## What is required
For the data that follows, print the line with "外側には各国のお父さんへの感謝のメッセージが描かれています。", the line with "Youly's Striped Cat", and all lines between them, exactly as they stand. Omit pictures and add nothing.

## Source information
- - - -
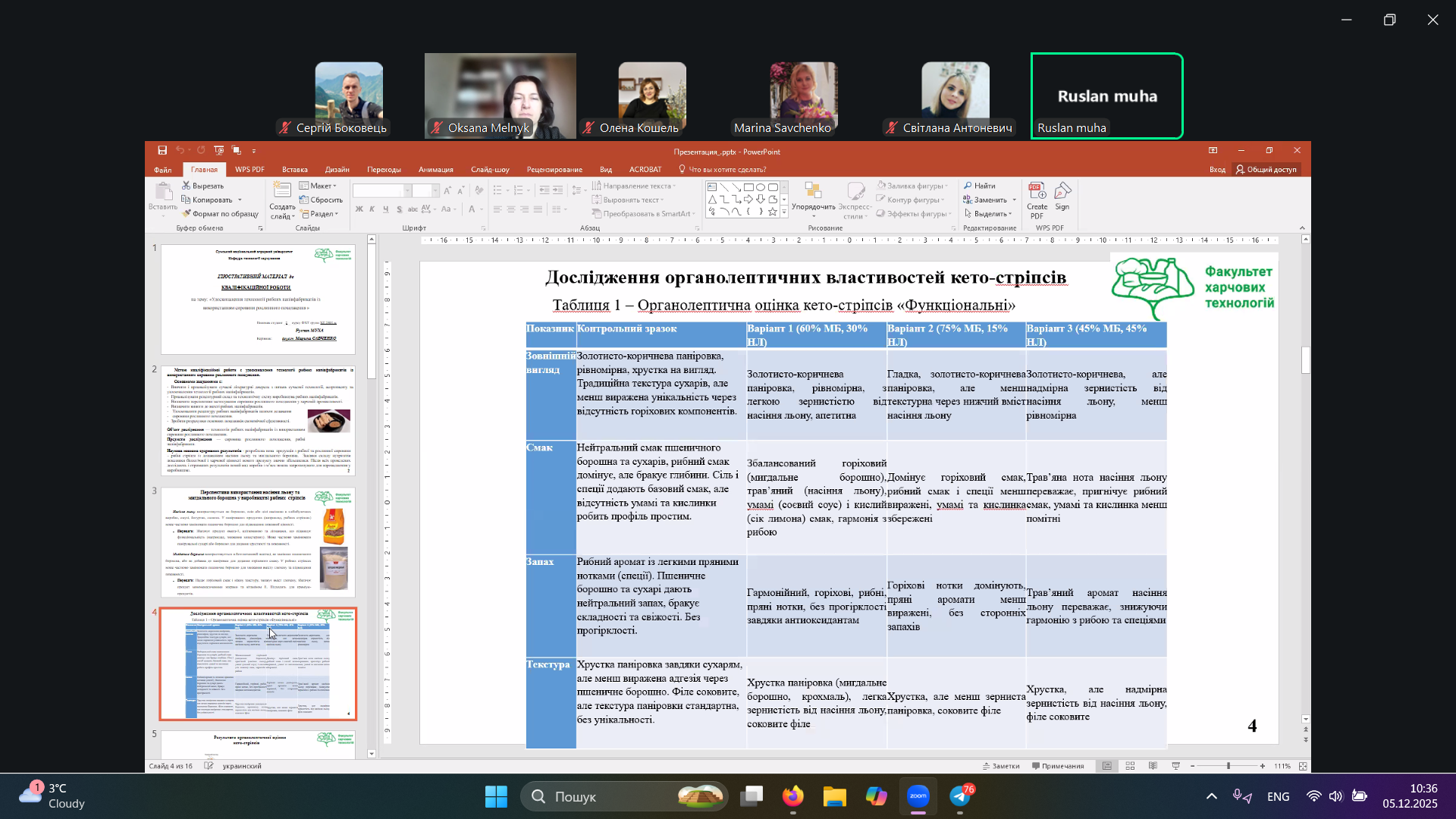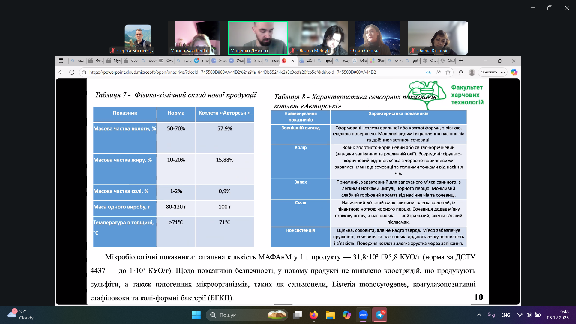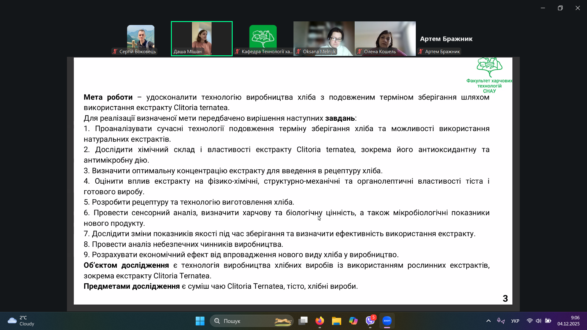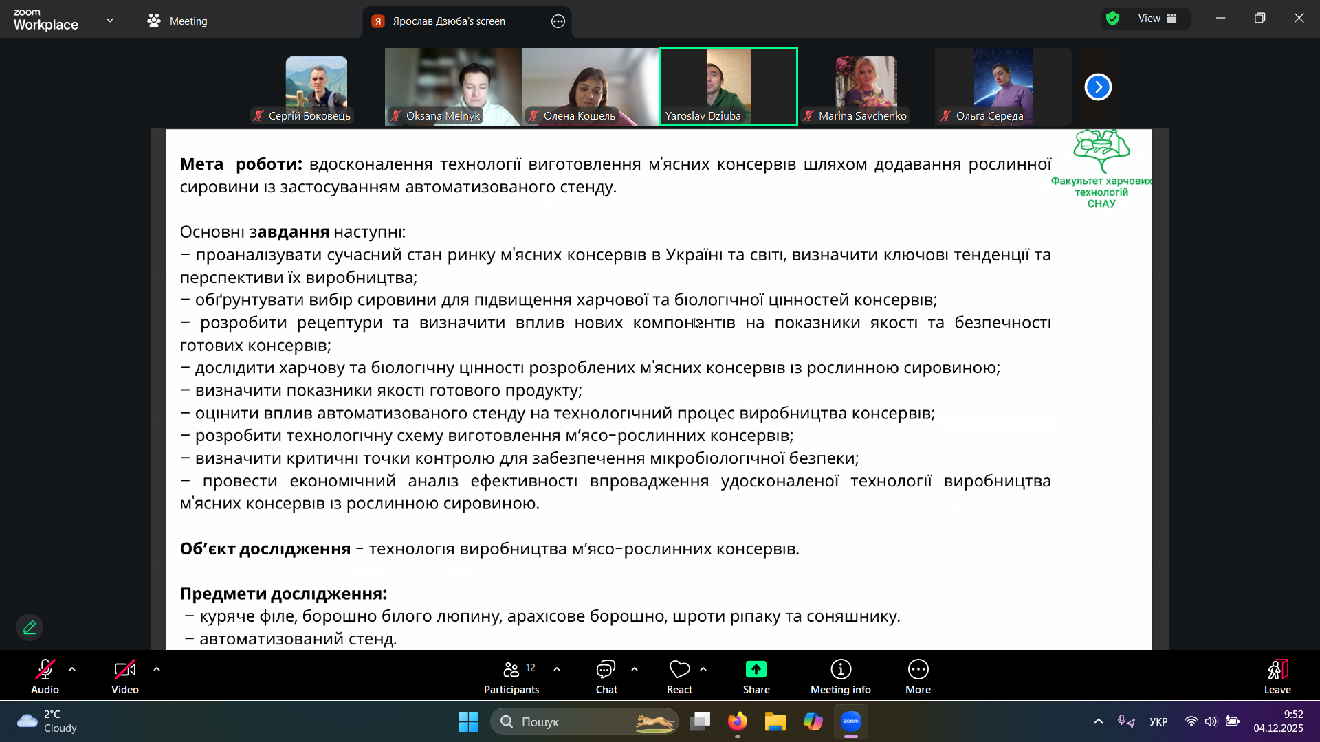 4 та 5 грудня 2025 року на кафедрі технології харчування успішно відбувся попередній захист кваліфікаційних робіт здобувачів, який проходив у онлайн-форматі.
- - - -
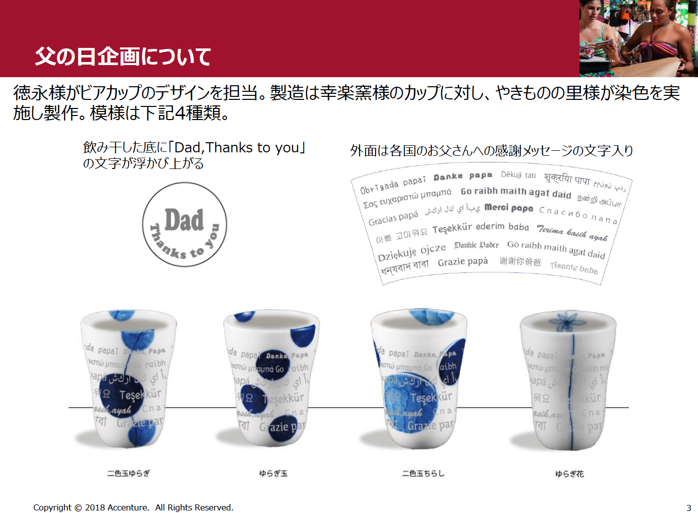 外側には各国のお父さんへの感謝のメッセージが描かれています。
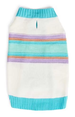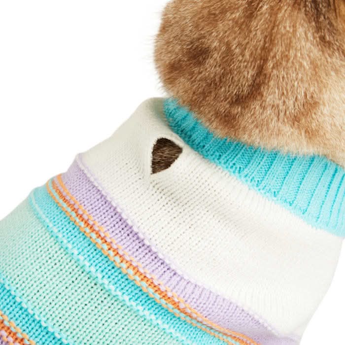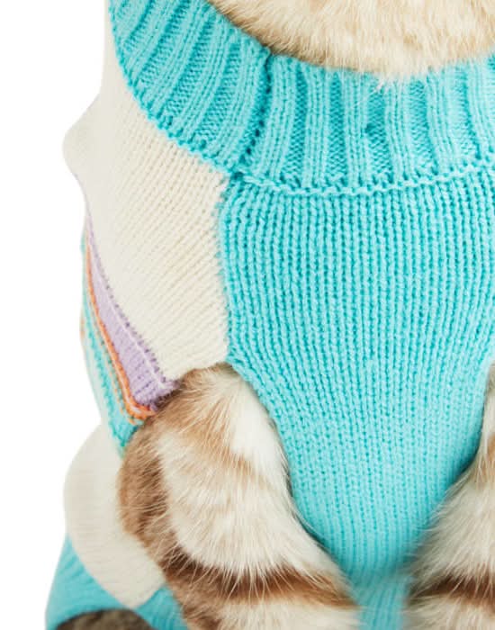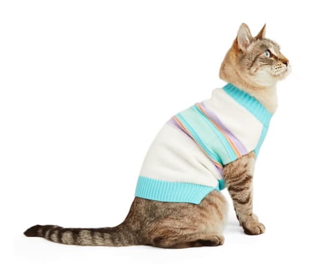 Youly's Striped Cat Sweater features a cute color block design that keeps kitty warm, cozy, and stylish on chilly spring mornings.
- - - -
## Written answer
 外側には各国のお父さんへの感謝のメッセージが描かれています。
 Youly's Striped Cat Sweater features a cute color block design that keeps kitty warm, cozy, and stylish on chilly spring mornings.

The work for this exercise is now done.